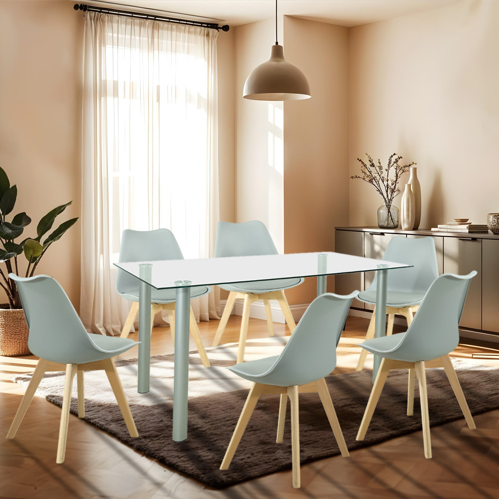 Setul de masă Midori 6 în 1 este alegerea perfectă dacă vă doriți stil modern și confort funcțional în sufrageria sau bucătăria dumneavoastră. Designul sofisticat și materialele de înaltă calitate garantează că acest set își va păstra frumusețea și confortul pe termen lung.
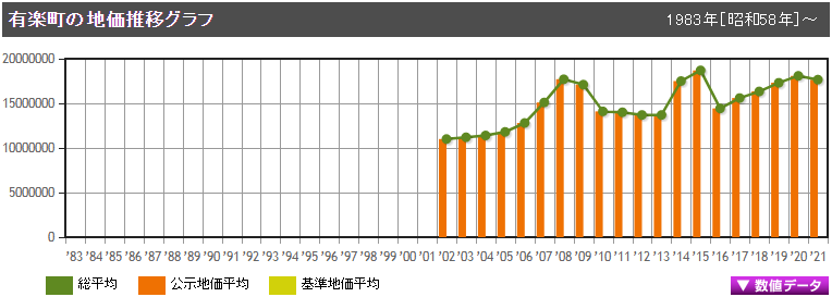 有樂町2021年3月公示的基準(zhǔn)地價為每平方米1766萬日元,近年來地價穩(wěn)中有升,因為疫情的原因稍有下跌,但地價水平在東京算是非常之高的了。
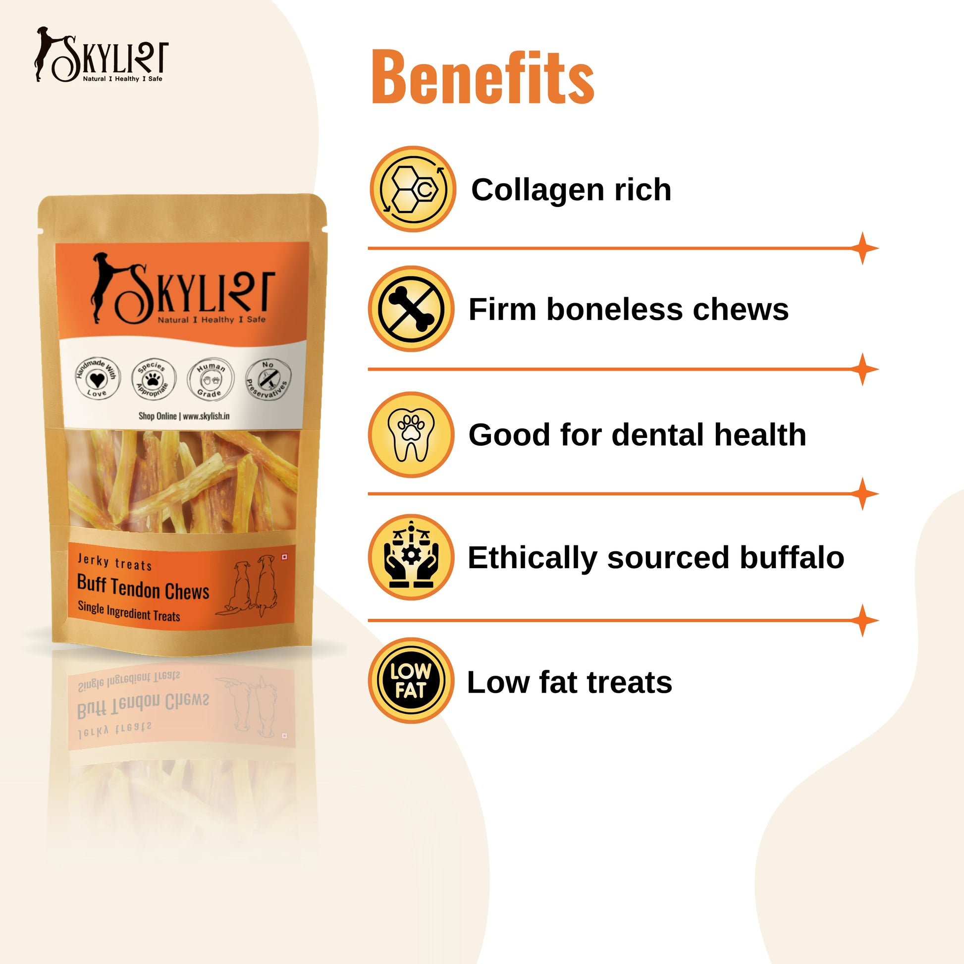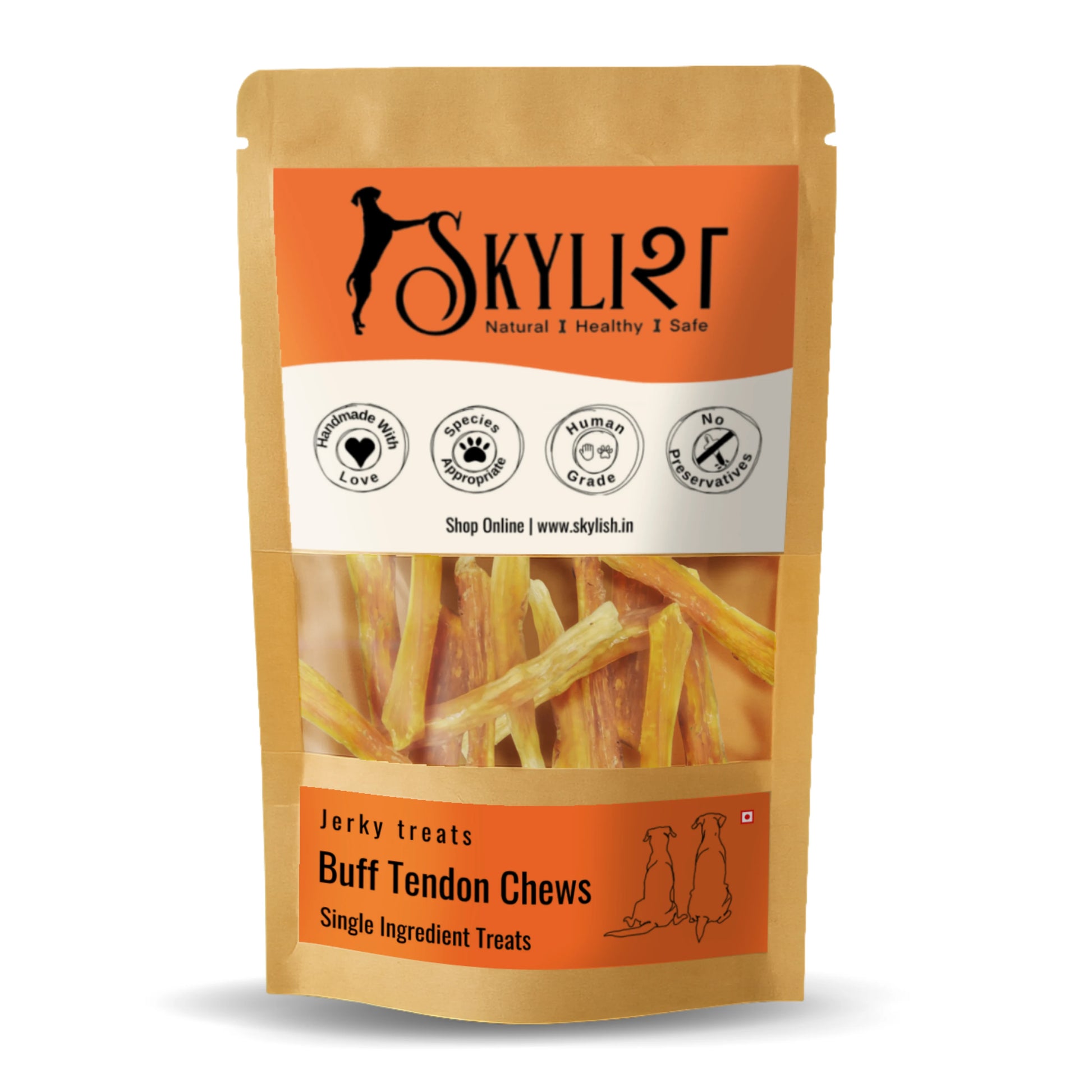 SKYLISH Buff Tendons | Dehydrated Boneless Chews| 100 % natural| Handmade with love Dehydrated Tendons are firm long lasting boneless chews made from the fibrous connective tissue that attaches muscle to bone. They are a collagen rich protein and may increase skin elasticity, durability, reduce signs of aging skin, and fortify cell metabolism. Buffalo is a low allergen meat source perfect for dogs with allergies.
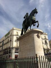 太阳门广场这里是马德里的市中心,是我觉得西班牙最拥挤的地方。至于这拥挤的程度具体要怎么形容,你就想象下是北京的天安门广场吧。太阳门广场就是雕像多,除了市长卡洛斯三世的骑马铜像,还有著名的熊和草莓树雕像。

- [ASSIGNED TASK]: Word-for-word transcription: the whole listing, with images excluded.

- [YOUR RESPONSE]:
 Setul de masă Midori 6 în 1 este alegerea perfectă dacă vă doriți stil modern și confort funcțional în sufrageria sau bucătăria dumneavoastră. Designul sofisticat și materialele de înaltă calitate garantează că acest set își va păstra frumusețea și confortul pe termen lung.
 有樂町2021年3月公示的基準(zhǔn)地價為每平方米1766萬日元,近年來地價穩(wěn)中有升,因為疫情的原因稍有下跌,但地價水平在東京算是非常之高的了。
 SKYLISH Buff Tendons | Dehydrated Boneless Chews| 100 % natural| Handmade with love Dehydrated Tendons are firm long lasting boneless chews made from the fibrous connective tissue that attaches muscle to bone. They are a collagen rich protein and may increase skin elasticity, durability, reduce signs of aging skin, and fortify cell metabolism. Buffalo is a low allergen meat source perfect for dogs with allergies.
 太阳门广场这里是马德里的市中心,是我觉得西班牙最拥挤的地方。至于这拥挤的程度具体要怎么形容,你就想象下是北京的天安门广场吧。太阳门广场就是雕像多,除了市长卡洛斯三世的骑马铜像,还有著名的熊和草莓树雕像。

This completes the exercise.